▶ [THE DATA]:
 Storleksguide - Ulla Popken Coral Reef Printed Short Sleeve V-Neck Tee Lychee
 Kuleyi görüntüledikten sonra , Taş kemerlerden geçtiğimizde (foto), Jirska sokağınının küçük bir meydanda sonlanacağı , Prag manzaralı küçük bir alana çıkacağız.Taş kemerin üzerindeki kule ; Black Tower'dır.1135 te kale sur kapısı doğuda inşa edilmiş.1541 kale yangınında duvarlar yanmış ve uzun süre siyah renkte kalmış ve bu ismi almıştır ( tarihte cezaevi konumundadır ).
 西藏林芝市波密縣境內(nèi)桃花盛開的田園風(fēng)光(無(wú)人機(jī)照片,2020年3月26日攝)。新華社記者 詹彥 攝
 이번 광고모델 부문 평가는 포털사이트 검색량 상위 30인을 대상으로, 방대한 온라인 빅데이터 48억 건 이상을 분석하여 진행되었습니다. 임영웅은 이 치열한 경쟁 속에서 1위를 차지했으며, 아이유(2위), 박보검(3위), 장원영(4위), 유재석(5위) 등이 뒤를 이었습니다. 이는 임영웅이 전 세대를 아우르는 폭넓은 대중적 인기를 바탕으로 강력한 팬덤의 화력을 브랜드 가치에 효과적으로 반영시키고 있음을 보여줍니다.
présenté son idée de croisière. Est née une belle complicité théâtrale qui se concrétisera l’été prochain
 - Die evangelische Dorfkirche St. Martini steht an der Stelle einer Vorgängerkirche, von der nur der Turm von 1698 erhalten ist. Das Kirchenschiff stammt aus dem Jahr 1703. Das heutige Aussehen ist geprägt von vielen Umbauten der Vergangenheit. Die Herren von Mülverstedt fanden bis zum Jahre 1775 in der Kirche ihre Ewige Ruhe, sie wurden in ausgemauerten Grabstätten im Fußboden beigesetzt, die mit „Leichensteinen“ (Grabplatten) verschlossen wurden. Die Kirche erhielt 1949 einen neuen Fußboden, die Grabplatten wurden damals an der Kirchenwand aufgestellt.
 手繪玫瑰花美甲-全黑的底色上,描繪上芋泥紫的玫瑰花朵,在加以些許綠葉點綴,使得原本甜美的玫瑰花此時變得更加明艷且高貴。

▶ [TASK]: Transcribe all of the records exactly.

▶ [TASK SOLUTION]:
 Storleksguide - Ulla Popken Coral Reef Printed Short Sleeve V-Neck Tee Lychee
 Kuleyi görüntüledikten sonra , Taş kemerlerden geçtiğimizde (foto), Jirska sokağınının küçük bir meydanda sonlanacağı , Prag manzaralı küçük bir alana çıkacağız.Taş kemerin üzerindeki kule ; Black Tower'dır.1135 te kale sur kapısı doğuda inşa edilmiş.1541 kale yangınında duvarlar yanmış ve uzun süre siyah renkte kalmış ve bu ismi almıştır ( tarihte cezaevi konumundadır ).
 西藏林芝市波密縣境內(nèi)桃花盛開的田園風(fēng)光(無(wú)人機(jī)照片,2020年3月26日攝)。新華社記者 詹彥 攝
 이번 광고모델 부문 평가는 포털사이트 검색량 상위 30인을 대상으로, 방대한 온라인 빅데이터 48억 건 이상을 분석하여 진행되었습니다. 임영웅은 이 치열한 경쟁 속에서 1위를 차지했으며, 아이유(2위), 박보검(3위), 장원영(4위), 유재석(5위) 등이 뒤를 이었습니다. 이는 임영웅이 전 세대를 아우르는 폭넓은 대중적 인기를 바탕으로 강력한 팬덤의 화력을 브랜드 가치에 효과적으로 반영시키고 있음을 보여줍니다.
présenté son idée de croisière. Est née une belle complicité théâtrale qui se concrétisera l’été prochain
 - Die evangelische Dorfkirche St. Martini steht an der Stelle einer Vorgängerkirche, von der nur der Turm von 1698 erhalten ist. Das Kirchenschiff stammt aus dem Jahr 1703. Das heutige Aussehen ist geprägt von vielen Umbauten der Vergangenheit. Die Herren von Mülverstedt fanden bis zum Jahre 1775 in der Kirche ihre Ewige Ruhe, sie wurden in ausgemauerten Grabstätten im Fußboden beigesetzt, die mit „Leichensteinen“ (Grabplatten) verschlossen wurden. Die Kirche erhielt 1949 einen neuen Fußboden, die Grabplatten wurden damals an der Kirchenwand aufgestellt.
 手繪玫瑰花美甲-全黑的底色上,描繪上芋泥紫的玫瑰花朵,在加以些許綠葉點綴,使得原本甜美的玫瑰花此時變得更加明艷且高貴。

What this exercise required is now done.